Even when it loses skirmishes, Blue Cross usually wins its battles. In late 2009, months before Wilson became CEO, the company went to war against provisions of the national health-care reform law that would have established public-option insurance. Though Wilson says Blue Cross supported many of the provisions that were enacted, he believed government-backed insurance would wreck private-sector insurers. Blue Cross launched what it called an “educational” campaign, but 20 North Carolina lawmakers protested to the N.C. attorney general that the insurer was using premiums to fight health-care reform.

Blue Cross was fined $95,000 earlier this year when the attorney general concluded that its hired boiler-room operatives made more than 100,000 calls violating a state law against computerized, robot-call campaigns. “We’re embarrassed — a mistake was made,” a contrite Wilson says. “We apologize.” The public option was dropped from final reform legislation, but its prospect had been a warning shot fired across Blue Cross’ bow.

Now Wilson has embarked on a quest, seeking what he calls “aggressive evolution” at Blue Cross. Part of that effort, he says, will be repairing frayed relations with providers still seething over treatment by Greczyn and his team, but he is asking aides to consider a question few have pondered since the dawn of health insurance in the 1930s: What if there were no more private insurance?

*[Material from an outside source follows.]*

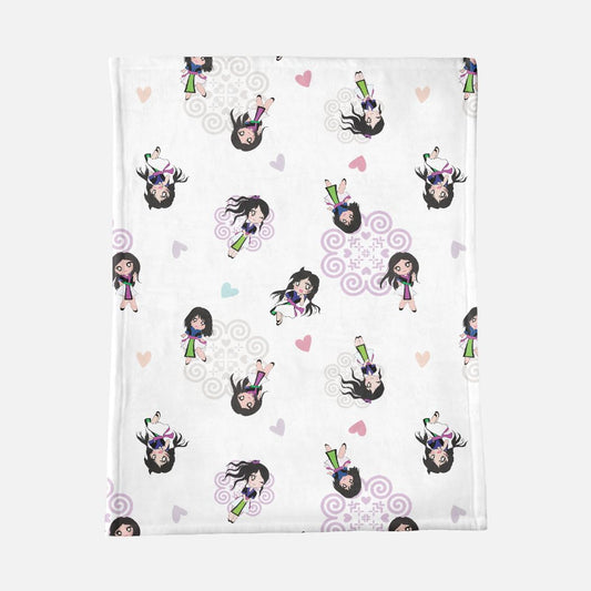 Minky Blanket - Hmong Inspired - Kawaii Characters - Hearts Watercolor - White BG
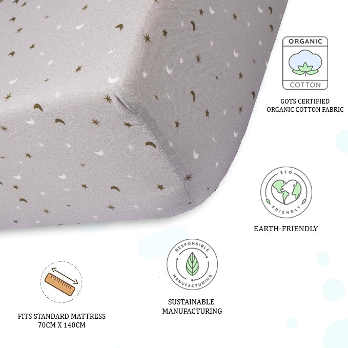 Our fitted cot sheets are made with 100% organic cotton fabric that feels like a cloud to sleep on for your baby. Our sheets come with an elastic band around the entire edge of the sheet making it easier to tuck around the mattress and ensures a secure fit throughout the night.

Blue Cross is steeling itself for uncertainty. It has a goal of reducing operating costs 20% — $200 million a year — by 2014, and earlier this year the insurer announced it would outsource some data entry to the Philippines and outside contractors, costing 90 jobs. A few months before, it had pared 145 through early-retirement packages. Other cutbacks are likely. Conversion to a for-profit — the inflammatory topic of the early 2000s — is permanently off the table, Wilson says, but little else is.

The goal is to obtain 20% of revenue by 2014 from nontraditional sources, such as increased dental and life insurance but also possibly workers’ compensation coverage and even noninsurance lines of business. With thousands of employees skilled in data handling and human resources, Wilson says, Blue Cross might consider such ventures as payroll management and various HR functions for other companies. Or managing practices for physicians.

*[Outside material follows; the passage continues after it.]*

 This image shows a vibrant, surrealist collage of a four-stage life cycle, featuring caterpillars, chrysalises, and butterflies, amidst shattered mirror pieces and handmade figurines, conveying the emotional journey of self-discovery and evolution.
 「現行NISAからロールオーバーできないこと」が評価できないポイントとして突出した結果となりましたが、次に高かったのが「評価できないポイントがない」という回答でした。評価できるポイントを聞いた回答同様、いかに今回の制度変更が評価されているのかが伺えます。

“We’re telling our people there are no dumb ideas here. We’re going to stay close to our core. We’re not going to get into the used-car business. But we’re going to examine everything that seems reasonable to help diversify.” As with playing politics, which he considers no more than a CEO’s duty to protect his company, Wilson sees raising troubling questions about its future as his obligation to its 3.7 million members and more then 4,000 employees.

“I can imagine a scenario that brings the financial collapse of not only this company but the insurance industry. I’m not panicked, but with reform we’re sailing undiscovered waters, and we can’t foresee every storm that might be out there.” He’s bent upon weathering that storm, but if the tempest casts Blue Cross upon terra incognita, it’s better that the company be an agile, aggressive gorilla than a once dominant, now doomed dinosaur.